AI is one area where this question of corporate incentives should give us pause. In "Two Paths for A.I.," New Yorkerwriter Joshua Rothman discusses the "alignment problem” of AI – making sure that AI acts in accordance with human commands and values. The article notes that a key problem is that while there are real risks to create self-improving AI that could theoretically spin out of control prior to having better insight into how these systems would behave, the leading developers are moving forward anyway, which, Rothman dryly notes, seems to suggest “that it’s the A.I. companies that are misaligned.” (This observation echoes Tim O’Reilly’s argument dating back several years that financial markets were in essence a “rogue AI” because of the incentives that required companies to prioritize profit over societal well-being.)
So we arrive at a fundamental question: do we have an alignment problem at a societal level? Do the systems we have created, and which now run in a rather self-propelling manner, act in accordance with our commands and our values? Steve wrote back in the early days of Building H that “Congress never authorized a Manhattan Project to send rates of chronic conditions, like obesity and diabetes, skyrocketing.” Surely a chronic disease epidemic was never a societal goal, but the systems we created produced it. Which begs the question of why we wouldn’t feel the need to do some course correction.
The curse of the systems thinker is that it leaves us battling the deeply rooted paradigms that animate the systems as we know them. To challenge the embedded assumptions – that economic growth is more important than human health and flourishing, that profit is more important than social impact, that the purpose of technology is to provide comfort and convenience in our lives – that lead to the current state of health.

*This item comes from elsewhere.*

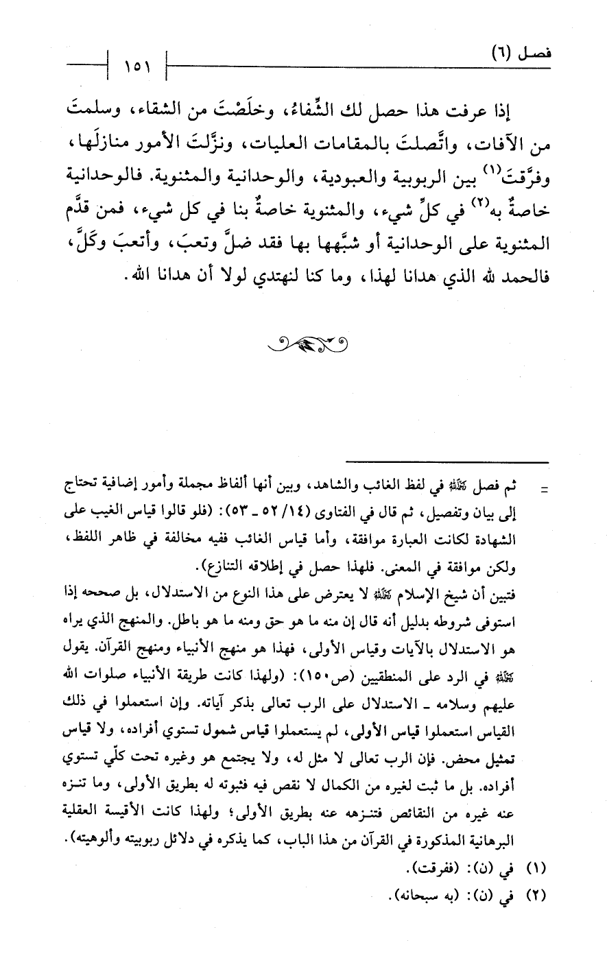 إذا عرفت هذا حصل لك الشِّفاءُ، وخلَصْتَ من الشقاء، وسلمتَ من الآفات، واتَّصلتَ بالمقامات العليات، ونزَّلتَ الأمور منازلَها، وفَرَّقتَ (¬1) بين الربوبية والعبودية، والوحدانية والمثنوية. فالوحدانيّة خاصّةٌ به (¬2) في كلِّ شيء، والمثنوية خاصّةٌ بنا في كل شيء، فمن قدَّم المثنوية على الوحدانية أو شبَّهها بها فقد ضلَّ وتعبَ، وأتعبَ وكَلَّ، فالحمد لله الذي هدانا لهذا، وما كنا لنهتدي لولا أن هدانا الله.

As Dan Health explains in his book Upstream, there are many reasons why most people focus their efforts on more proximate, downstream challenges: they are more tractable, they’re more measurable, responsibility is more clearly assigned, and the results are visible sooner, to name a few. And yet, if we don’t tackle the upstream issues – like the alignment between our goals and the operation of our social and economic systems – the downstream problems will continue to proliferate. We choose to work far upstream – not because it is easy, nor, as JFK once said, because it is hard, but because we believe it is necessary.